Измайлов проводит своего Евгения по этим различным этапам, типичным для пути образования молодого русского дворянина, рассматривает также повседневные занятия[705] и подчёркивает негативные общественные явления. Так он создает сатирическую картину тогдашней жизни определённых слоев русского общества, которая, несмотря на свою зависимость от многих литературных шаблонов, всё же удивительно наглядна для тогдашней русской ситуации. Если его произведение позже, в XIX и даже ещё в литературоведческих работах XX в., называлось «первым опытом русского романа нравов»[706], то точным будет, правда, только обозначение «роман нравов», в то время как характеристика «первая русская попытка» – оценка произвольная и неоправданная. Она могла быть вызвана тем, что «Евгений» в XIX столетии был ещё хорошо известен и неоднократно упоминался, в то время как другие русские произведения этого рода, например, «Пригожая повариха» Чулкова или «Неонила», в XIX в. канули в Лету и долгое время оставались неизвестными даже историкам литературы.
Новым для русской литературы в сочинениях вроде «Евгения» и «Неонилы» является не форма сатирического «романа нравов» как таковая, а изменение этого типа романа по сравнению с его русскими представителями 60-х и 70-х гг. Как очевидный моральный пример, романы рубежа веков ближе к моральной сатире старой назидательной литературы, нежели к плутовским рассказам Ладона, Мартоны или Ваньки Каина. Их связывает с традицией моральной сатиры постоянно морализирующий рассказчик, говорящие имена, классифицируемые с моральной точки зрения, полемика против «подражания иностранному» и вызванного этим «растления нравов» и многое другое. Что, правда, отличает их от старых сатир и сближает с плутовским романом, так это связь сатиры с формой романа. Общим с плутовским романом является также расположение в ряд сатирических картин нравов, иллюстрирующих жизнеописание главного отрицательного персонажа. И действительно, несомненно, например, знакомство Измайлова с плутовскими романами Лесажа.
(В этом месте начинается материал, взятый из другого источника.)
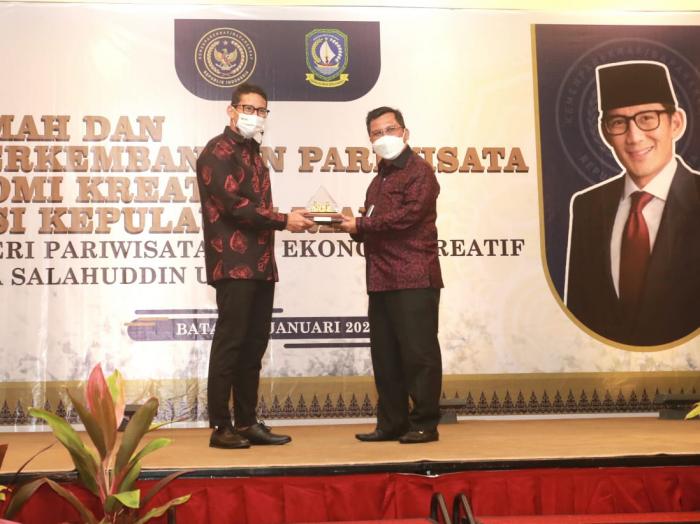 Pada kesempatan tersebut juga dilakukan penyerahan cenderamata berupa Plakat Pariwisata Kepri Bangkit Lagi dan Launching Kalender of Event Kepri Tanggal 5 -7 Februari 2021 di Kota Batam kepada Menparekraf Sandiaga Uno oleh Sekdaprov Kepri TS Arif Fadillah.
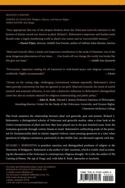 This book examines the relationship between jihad and genocide, past and present. Richard L. Rubenstein, a respected scholar in the field of genocide studies, takes a close look at the violent interpretations of jihad and how they have played out in the past hundred years, from the Armenian genocide through current threats to Israel. Rubenstein's unflinching study of the potential for fundamentalist jihad to initiate targeted violence raises pressing questions in a time when questions of religious co-existence, particularly in the Middle East, are discussed urgently each day.
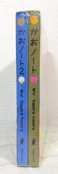 「かおノート」の太陽と「かおノート2」のお花が見つめ合うユーモラスな箱に、「かおノート」と「かおノート2」各1冊、さらにのかおのポストカード1枚とパーツシール1枚のおまけがついています。
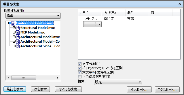 それぞれのカテゴリ名とプロパティ名は 2 つの部分から成っています、Navisworks インタフェースに表示されるユーザ文字列と、表示されない内部文字列(主に API で使用)です。既定では、両方の部分について項目が照合されますが、必要に応じて、1 つの部分でのみ照合するよう、Navisworks に指示することもできます。たとえば、ユーザ名を無視して検索を行い、内部名だけで項目を照合することもできます。これは、保存した検索を、Navisworks のローカライズ バージョンを使用している可能性のあるユーザと共有する場合に便利です。

Об этом особенно свидетельствует вставленная история жизни Развратина, которую он сам и рассказывает (и которая заполняет почти всю 2-ю книгу). Но даже в рассказе Развратина речь идёт не о демонстрации занимательных проделок и приключений плута, а о моральном примере того, как неверное воспитание и подражание французскому «вольнодумству» должно привести к моральному одичанию и крушению[707]. (Подобным же образом последствия плохого воспитания описывает и произведение Н. Остолопова «Евгения, или Нынешнее воспитание» 1803 г.[708]) И хотя, – как и в плутовских романах – в качестве романа предлагается сатирическая картина мира, решающим прототипом романа является уже не плутовской роман, а новый, «сентиментальный» тип. Приспособлению к этому новому идеалу соответствуют отсутствие образа плута как главного действующего лица и рассказчика от первого лица, изменение формы от первого лица (и полный отказ от неё), сокращение обилия приключений в пользу более детального, «психологически» ориентированного изображения и анализа, перемещения очевидной среды воров и мошенников в сферу социальных средних слоев (здесь особенно провинциального дворянства), обстоятельное описание семейной жизни, интерес к индивиду и его воспитанию (особенно в полемике с Руссо) и введение образов, которые полностью соответствовали идеалу «чувствительного» романа (как «вторая Памела»).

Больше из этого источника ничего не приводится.